Les fraudes à l’assurance maladie auraient atteint près de 200 millions d’euros en 2014

 

PARIS, 26 octobre 2015 (AFP) – Le montant des fraudes détectées à l’assurance maladie s’est monté à près de 200 millions d’euros en 2014, en hausse de 17% sur un an, et les professionnels de santé sont les premiers fraudeurs, affirment  Les Echos.

Le quotidien économique souligne que ces chiffres « ne concernent que la caisse nationale d’assurance-maladie des travailleurs salariés » où « se concentrent 96 % des fraudes ».

En 2014, le montant des fraudes et activités fautives détectées « s’est élevé précisément à 196,2 millions, contre 167,1 millions en 2013 », précisent Les Echos qui évoquent un « nouveau record historique ». Un montant qui reste modeste en comparaison des 178 milliards d’euros de dépenses de santé en 2014, d’autant que les pénalités financières prononcées « n’ont pas dépassé 12,3 millions d’euros ».
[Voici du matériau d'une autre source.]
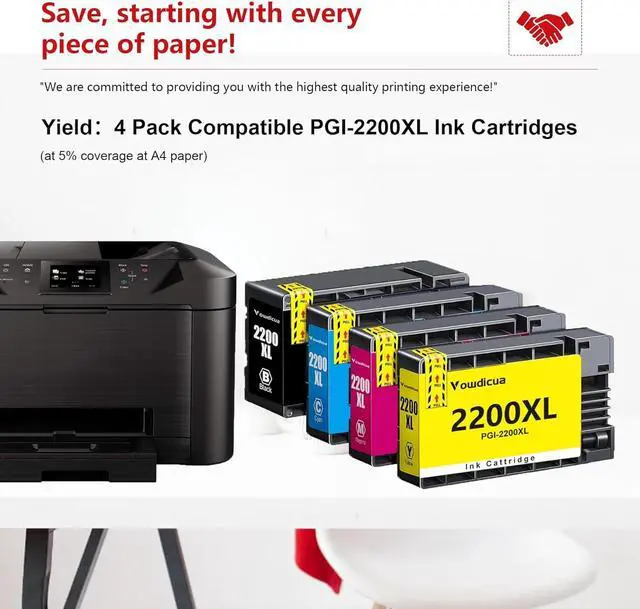 • Number of sheets printed: PGI-2200XL Black Ink up to 2500 Pages,each Ink Cartridges is compatible with PGI 2200XL color ink up to 2200 Pages. (At 5% coverage on A4 paper) Choosing our PGI2200XL can greatly save time to replace the ink

Interrogée par l’AFP, l’assurance maladie n’a pas démenti ces chiffres.

Sur les dix dernières années, la répression a permis de récupérer « 1,4 milliard d’euros », selon le journal, et « près de 2.900 interdictions de donner des soins ont été prononcées par les ordres contre les professionnels de santé qui ont triché », tandis que « 2.600 fraudeurs ont été condamnés à faire de la prison ».
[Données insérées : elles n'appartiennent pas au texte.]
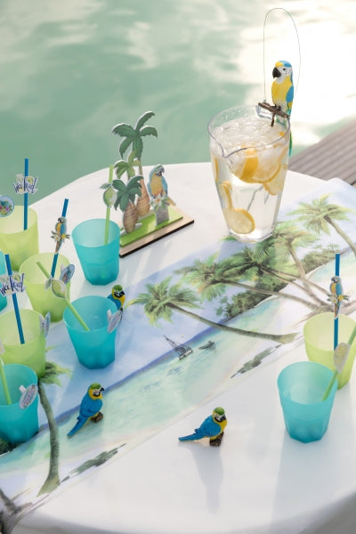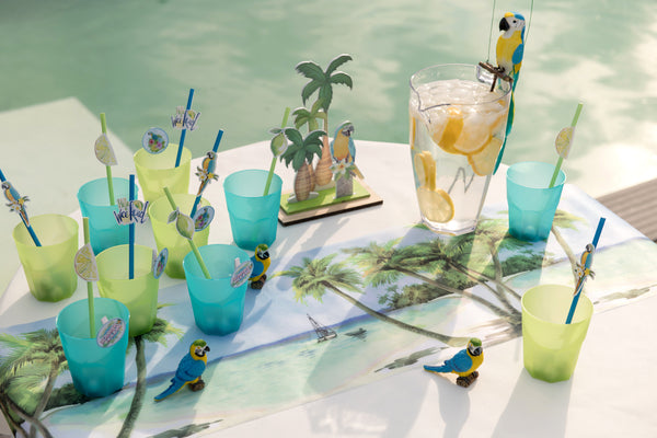 Diese bezaubernde Kombination erzeugt Urlaubsatmosphäre und ist die perfekte Deko für Ihre Beach Party, egal ob im Freien oder in einem Raum. Ergänzen Sie den Tischläufer mit farblich passendem Geschirr, Muscheln, leuchtenden Kerzen und frischen Blumenarragements, um die tropische Atmosphäre zu verstärken.

Les fraudes sont « principalement repérées chez les professionnels de santé », souligne le quotidien. « Avec 73,1 millions d’euros, ils ont détourné 37 % de ces 196 millions d’euros ». « Le cas classique, c’est le médecin qui facture des visites à domicile fictives, en tiers payant, et qui remplit et signe les feuilles de soins à la place de l’assuré », explique-t-il.

Viennent ensuite les établissements de santé, poursuit le journal, avec « 52,6 millions d’euros (27 % du total) ».

Les assurés sont pour leur part « les auteurs de moins de 20 % des fraudes, à 38,8 millions d’euros ».